RECORDS FOR THIS EXERCISE:
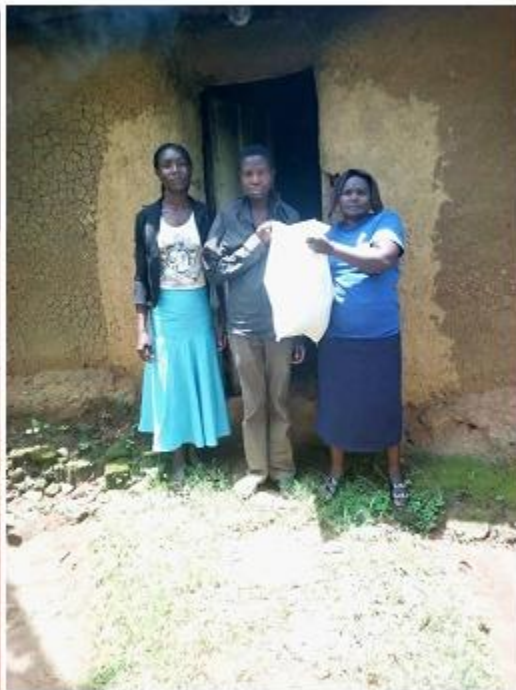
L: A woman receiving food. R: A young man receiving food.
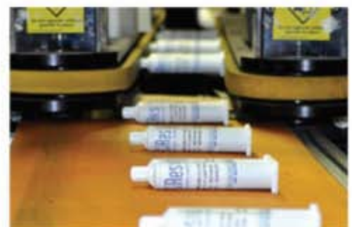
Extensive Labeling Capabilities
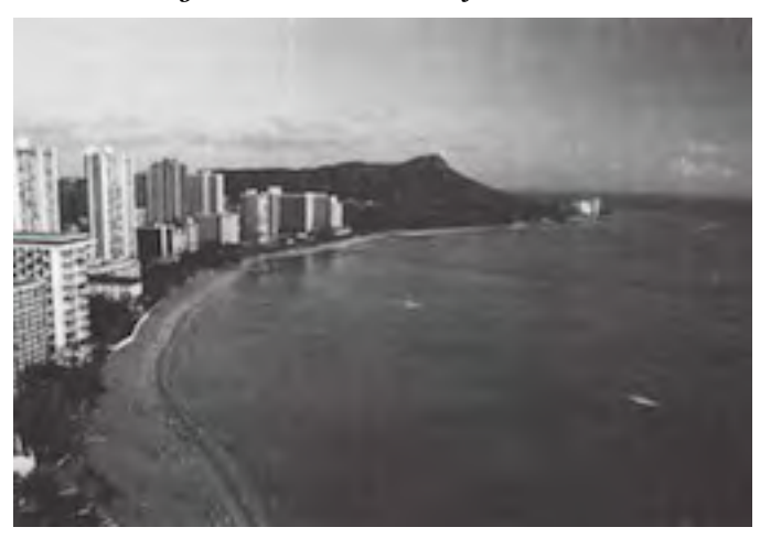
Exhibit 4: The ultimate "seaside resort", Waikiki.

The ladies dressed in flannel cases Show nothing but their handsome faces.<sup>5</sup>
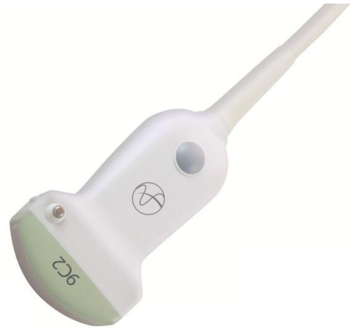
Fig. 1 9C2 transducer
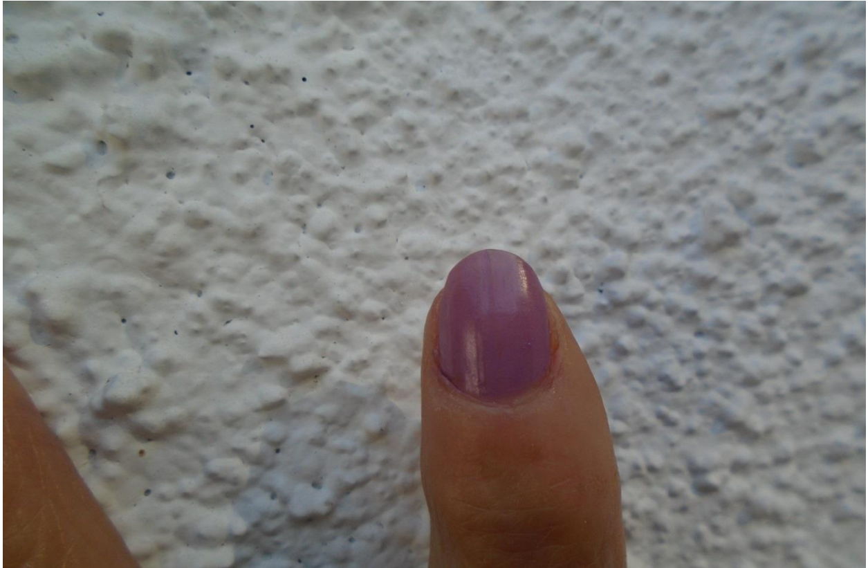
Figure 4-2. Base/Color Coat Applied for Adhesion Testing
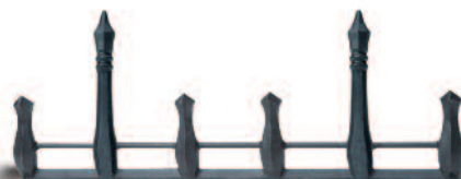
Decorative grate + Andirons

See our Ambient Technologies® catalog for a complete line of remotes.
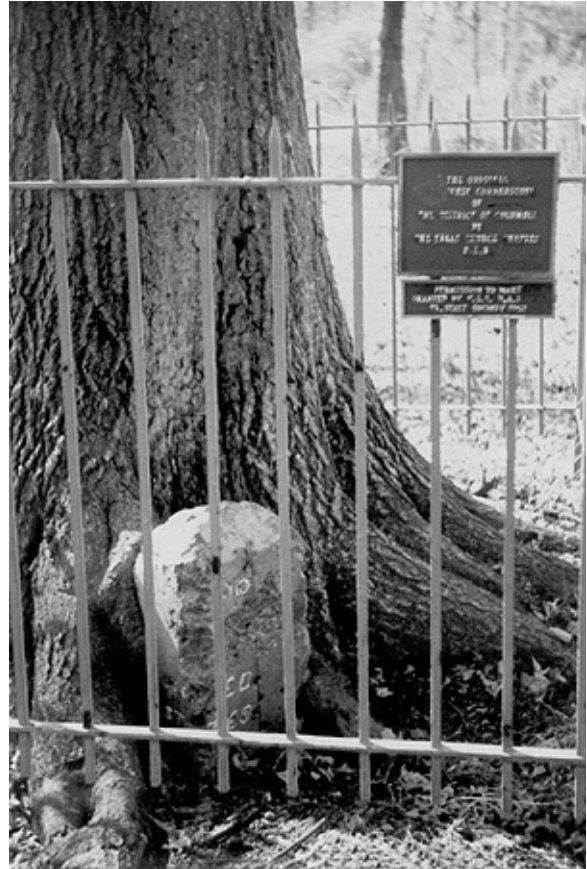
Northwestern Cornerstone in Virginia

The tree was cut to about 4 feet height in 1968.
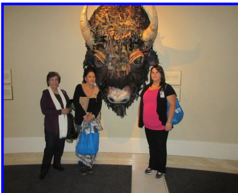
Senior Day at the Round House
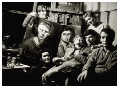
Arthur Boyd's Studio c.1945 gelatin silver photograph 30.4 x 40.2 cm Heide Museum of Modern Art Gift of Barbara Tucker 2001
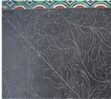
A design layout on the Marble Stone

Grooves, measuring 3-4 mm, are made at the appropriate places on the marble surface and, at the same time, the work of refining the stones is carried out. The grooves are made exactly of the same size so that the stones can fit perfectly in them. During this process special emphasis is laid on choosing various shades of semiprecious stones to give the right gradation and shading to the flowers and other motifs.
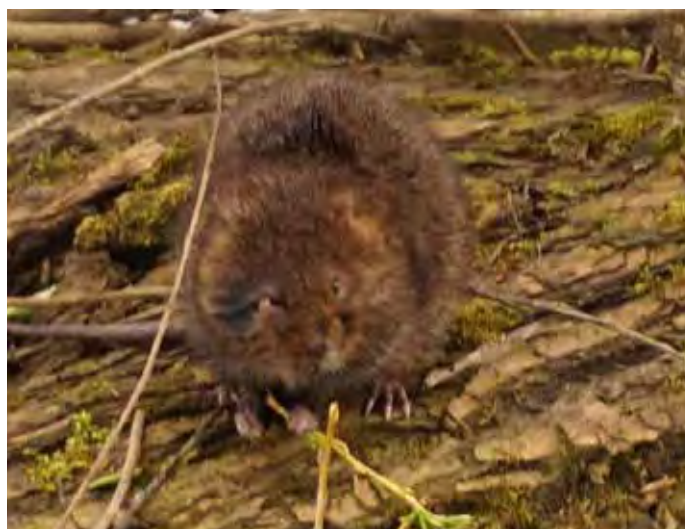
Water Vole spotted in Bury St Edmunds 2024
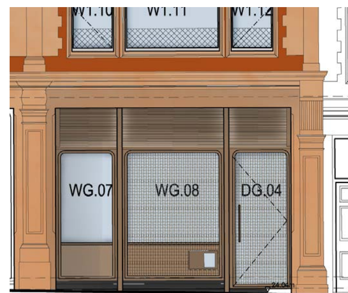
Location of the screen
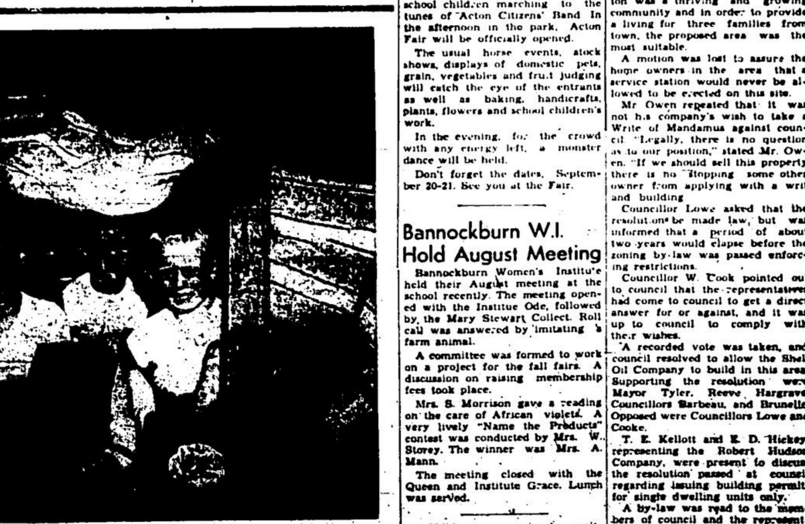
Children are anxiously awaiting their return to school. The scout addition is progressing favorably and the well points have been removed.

...

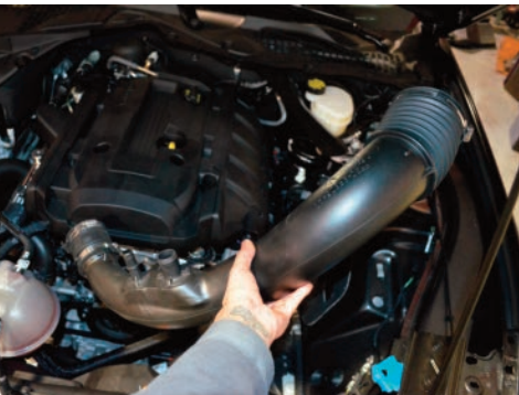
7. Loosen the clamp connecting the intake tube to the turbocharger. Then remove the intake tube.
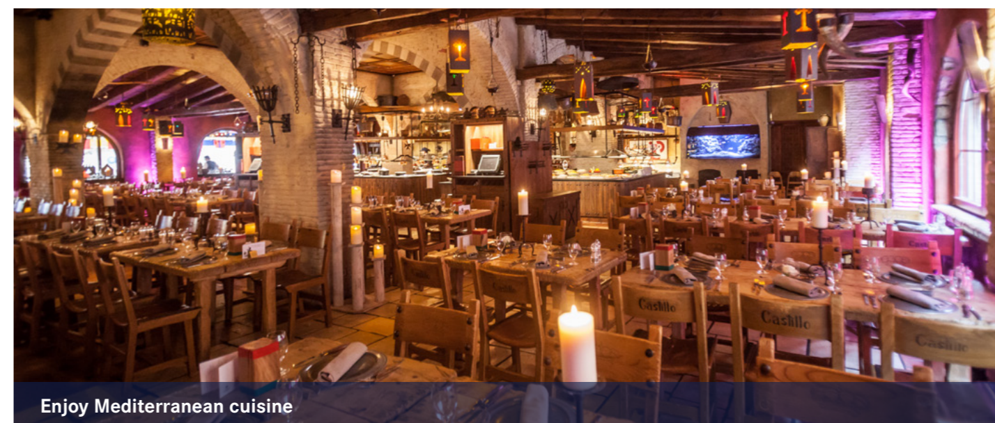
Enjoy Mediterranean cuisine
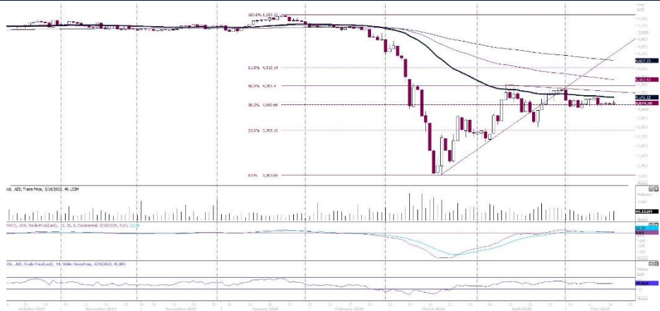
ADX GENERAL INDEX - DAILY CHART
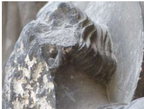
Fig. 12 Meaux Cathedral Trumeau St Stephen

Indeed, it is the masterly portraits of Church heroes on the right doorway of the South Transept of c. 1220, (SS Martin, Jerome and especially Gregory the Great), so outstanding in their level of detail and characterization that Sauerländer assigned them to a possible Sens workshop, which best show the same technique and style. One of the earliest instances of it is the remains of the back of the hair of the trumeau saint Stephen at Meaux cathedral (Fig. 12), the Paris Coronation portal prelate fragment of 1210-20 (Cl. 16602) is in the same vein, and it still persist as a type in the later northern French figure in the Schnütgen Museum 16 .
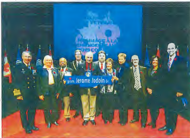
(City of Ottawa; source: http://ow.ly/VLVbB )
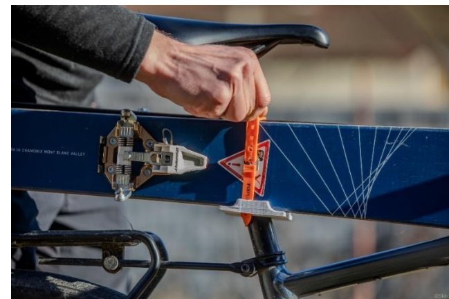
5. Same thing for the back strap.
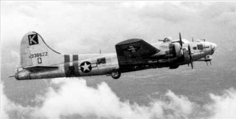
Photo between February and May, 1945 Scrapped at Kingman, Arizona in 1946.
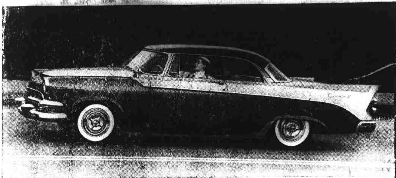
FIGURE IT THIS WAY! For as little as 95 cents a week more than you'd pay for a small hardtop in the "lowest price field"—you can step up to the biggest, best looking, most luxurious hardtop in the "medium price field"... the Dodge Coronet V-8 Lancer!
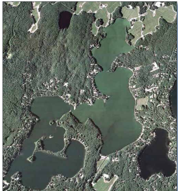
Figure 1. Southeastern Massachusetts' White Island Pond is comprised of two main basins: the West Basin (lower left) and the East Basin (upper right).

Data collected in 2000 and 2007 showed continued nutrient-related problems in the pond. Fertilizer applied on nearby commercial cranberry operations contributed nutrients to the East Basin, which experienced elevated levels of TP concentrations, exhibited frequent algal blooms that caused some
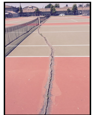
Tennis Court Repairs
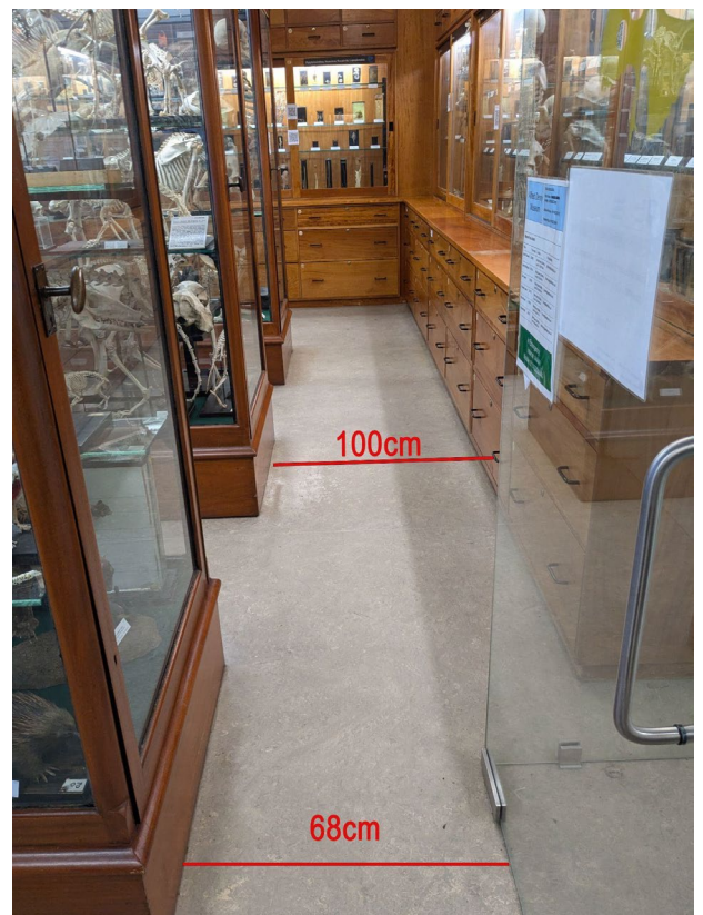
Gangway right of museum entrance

TASK ITEM:
In the material above, one part opens with the line containing "Water Vole spotted in Bury St Edmunds 2024" and closes with the line containing "Children are anxiously". Write out that part exactly and skip its pictures.

EXERCISE SOLUTION:
Water Vole spotted in Bury St Edmunds 2024
Location of the screen
Children are anxiously awaiting their return to school. The scout addition is progressing favorably and the well points have been removed.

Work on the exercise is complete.